Single by Vince Vance & the Valiants

from the album All I Want for Christmas Is You
- B-side: "Exceptional Man"
- Released: 1989
- Studio: Masterphonics Studio 6; Nashville, Tennessee
- Genre: Country; Christmas;
- Length: 3:47
- Label: Valiant 92689
- Songwriters: Troy Powers; Andy Stone;
- Producers: Ed Loftus; James Stroud;

Vince Vance & the Valiants singles chronology
| "Bomb Iran" (1980) | "All I Want for Christmas Is You" (1989) | "All I Want for Christmas Is You (re-issue)" (1993) |

= All I Want for Christmas Is You (Vince Vance & the Valiants song) =

1989 popular song

"All I Want for Christmas Is You" is a Christmas song recorded by American novelty act Vince Vance & the Valiants.

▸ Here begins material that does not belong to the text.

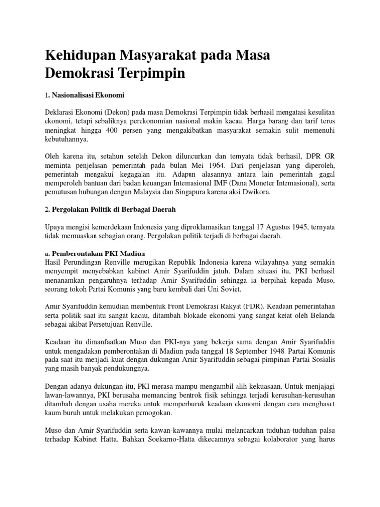 Menyebabkan meningkatnya angka kemiskinan dan pengangguran. 259-261 mengenai kehidupan masyarakat Indonesia pada masa demokrasi terpimpin dari aspek sosial pendidikan dan kebudayaan. Dinamika politik yang terjadi pada masa Demokrasi Terpimpin berupa persaingan antarkekuatan politik yang ada berpengaruh terhadap kehidupan sosial masyarakat Indonesia waktu itu.

Initially released as a single in 1989, Vince Vance's version of the song has charted several times on the Billboard country singles charts. It is one of two records to chart for Vince Vance & the Valiants, the other being "Bomb Iran".

==Content==
"All I Want for Christmas Is You" is a mid-tempo in compound duple meter, featuring lead vocals from Lisa Burgess Stewart, who now records under the name Lisa Layne. In it, the singer explains that she does not want Christmas decorations nor gifts from Santa Claus. Instead, all she wants for Christmas is her lover. The melody used in the song is based on Bobby Vinton's number 9 pop hit single from early 1964, "My Heart Belongs to Only You", with a few minor alterations.

==Reception==
In his review of the album All I Want for Christmas Is You, AllMusic reviewer Jason Birchmeier referred to the song as a "holiday favorite within the country community during the '90s" but noted that the rest of the album was not "remotely worth bothering with."

Having received frequent rotation on country radio and adult contemporary radio during the Christmas season since its 1993 re-release, "All I Want for Christmas Is You" is also the most-played country music Christmas song.

The song was also made into a music video directed by Steve Dunning for Aries Productions, located in Arlington, Texas.

==Lawsuit==
On June 3, 2022, Andy Stone, who portrayed Vince Vance, filed a copyright lawsuit against Mariah Carey, alleging that she "exploited" and made "undeserved profits" off his song with her song "All I Want for Christmas Is You", which was published five years after his. The lawsuit was dropped without prejudice in November 2022; Stone re-filed the lawsuit in November 2023. In March 2025, U.S. District Judge Mónica Ramírez Almadani ruled in Carey's favor, saying that Stone had failed to prove the two songs were "substantially similar" and that he and his attorneys made frivolous arguments; she also ordered Stone and his lawyers to pay part of Carey's legal fees.

==Chart performance==
The song first charted in early 1994 based on airplay from the 1993 Christmas season, peaking at number 55 on the Billboard Hot Country Singles & Tracks (now Hot Country Songs) chart on the week of January 8, 1994. It re-entered the same chart in December 1994, reaching a new peak of number 52 on the week of January 7, 1995. The song re-entered the Billboard country singles chart again every January afterward, each time peaking higher than the last; it did not chart in the 1998-1999 holiday season but charted again for the final time in January 2000, reaching its overall peak position on the country singles chart of number 31. Although it never made the country singles chart again, it peaked at number 23 on the Billboard Hot 100 Recurrent Airplay chart in 2002 (despite having never entered or bubbled under the Billboard Hot 100 or Hot 100 Airplay charts), and has re-appeared on the Hot Country Recurrents chart every Christmas since late 2000/early 2001.

Chart performance for "All I Want for Christmas Is You"
| Chart (1994–2002) | Peak position |
|---|---|
| US Billboard Hot Country Singles & Tracks | 31 |
| US Billboard Hot 100 Recurrent Airplay | 23 |

==Other versions==
On November 14, 2020, Kelly Clarkson released a version of the song as a standalone single under the Atlantic Records label. The version peaked at number 30 on the Billboard Canada AC chart on the week ending December 26, 2020. She also later included it on her 2021 album, When Christmas Comes Around...

In 2004, LeAnn Rimes released a version of the song on her 2004 album What a Wonderful World. A new Single Mix was released in 2025 from her Greatest Hits Christmas compilation. On Billboard charts, the Single Mix peaked at number nine on the Adult Contemporary chart on the week ending January 3, 2026, and number 35 on the Adult Pop Airplay chart on the week ending December 27, 2025.